From The Rev. Deacon Teri Van Huss,
St. John’s, Tulare
A Journey to the Common Good
Do you ever have a year that has a recurring “theme”? You keep running into words, places, situations, people, etc. that create new paths, new insights, and those great Spirit-filled “aha” moments?
A couple years ago I was sent to Albuquerque, New Mexico, (one of my home towns!) to attend one of the Episcopal Church’s “Called to Transformation” trainings being held all over the country.
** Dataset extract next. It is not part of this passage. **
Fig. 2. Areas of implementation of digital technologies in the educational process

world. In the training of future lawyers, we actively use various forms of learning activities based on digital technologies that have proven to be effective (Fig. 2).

This training is based on 1 Corinthians 12 that “each of us is given different gifts to serve the community and that we are all a part of the body of Christ working together.”
Created and facilitated by Episcopal Relief & Development, and based on the community organizing method they use in their work around the world called Asset Based Community Development, this training is developing facilitators who go back to their churches and help folks realize their own gifts for ministry, who then go out into the community and continue a practice to help others realize their gifts so that people, neighborhoods, cities, regions (and maybe even countries?) can work together for the good of all.
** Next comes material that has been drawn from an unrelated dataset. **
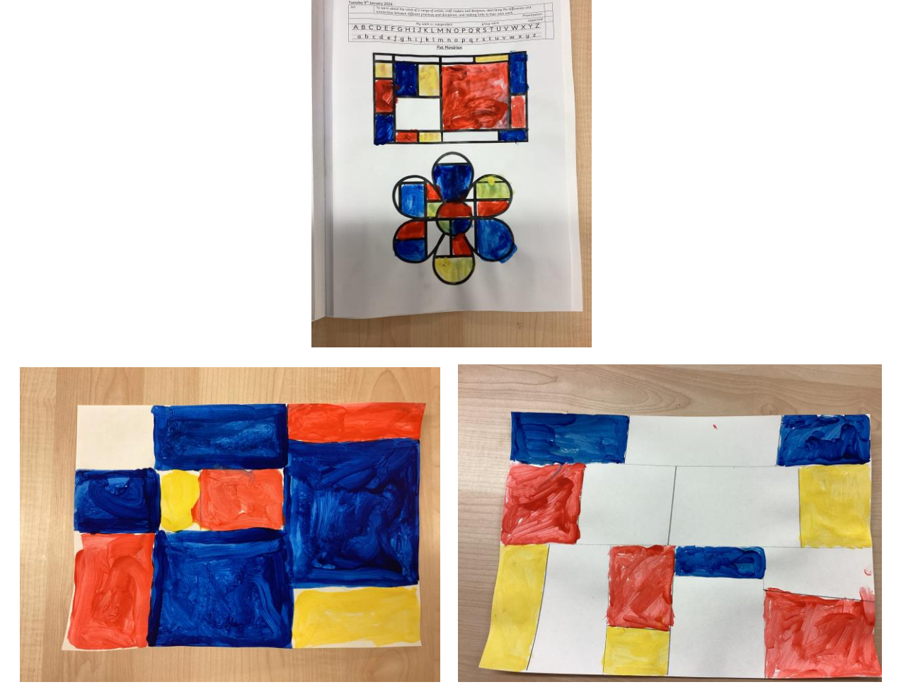
Completes Art Work – Children enjoyed using the Primary colours to create their designs and also learnt how to use a ruler while doing their art.

Walter Brueggemann, a renowned theologian and Old Testament scholar, wrote a book in 2010 that says “the great crisis among us is the crisis of ‘the common good,’ the sense of community solidarity that binds all in a common destiny” and that God dreams and wills for us to journey together toward the common good.
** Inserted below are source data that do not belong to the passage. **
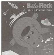
Flight Of The Cosmic Hippo (2-26562)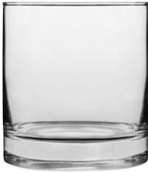
DOUBLE OLD FASHIONED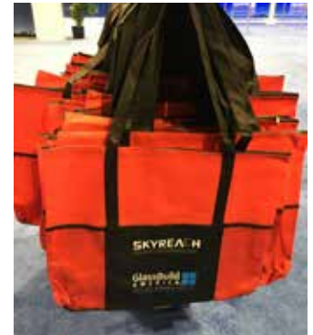
Sponsor responsible for producing bags and shipping to show site.

Last Fall I got to serve as deacon for Michael Curry at the last Revival service in Bakersfield, and yes, the Spirit-sparks fly wherever he is! This was where he preached “it’s not political, it’s Biblical!” A reminder that we are ALL part of the body of Christ and we must call out and act whenever and wherever there are activities that separate people.
The saying “it’s about who you know” has taken on new meaning for me. Usually that phrase is used when someone is “climbing the corporate ladder” or has been able to “get in” to somewhere. How about using “it’s who you know” to pull people together – these are the kind of community organizing techniques that many faith-based action groups use, and I’ve even seen this in my daily work, watching events grow beyond expectations because of communications with a wide-ranging network that somehow is all linked!
I even had an interaction this week with Jesus’ Greatest Commandments – Love the Lord your God with all your heart, and love your neighbor as yourself. Consider the order of these words – God, Neighbor, Yourself.
We are all called to work for the common good, and this message pops up everywhere!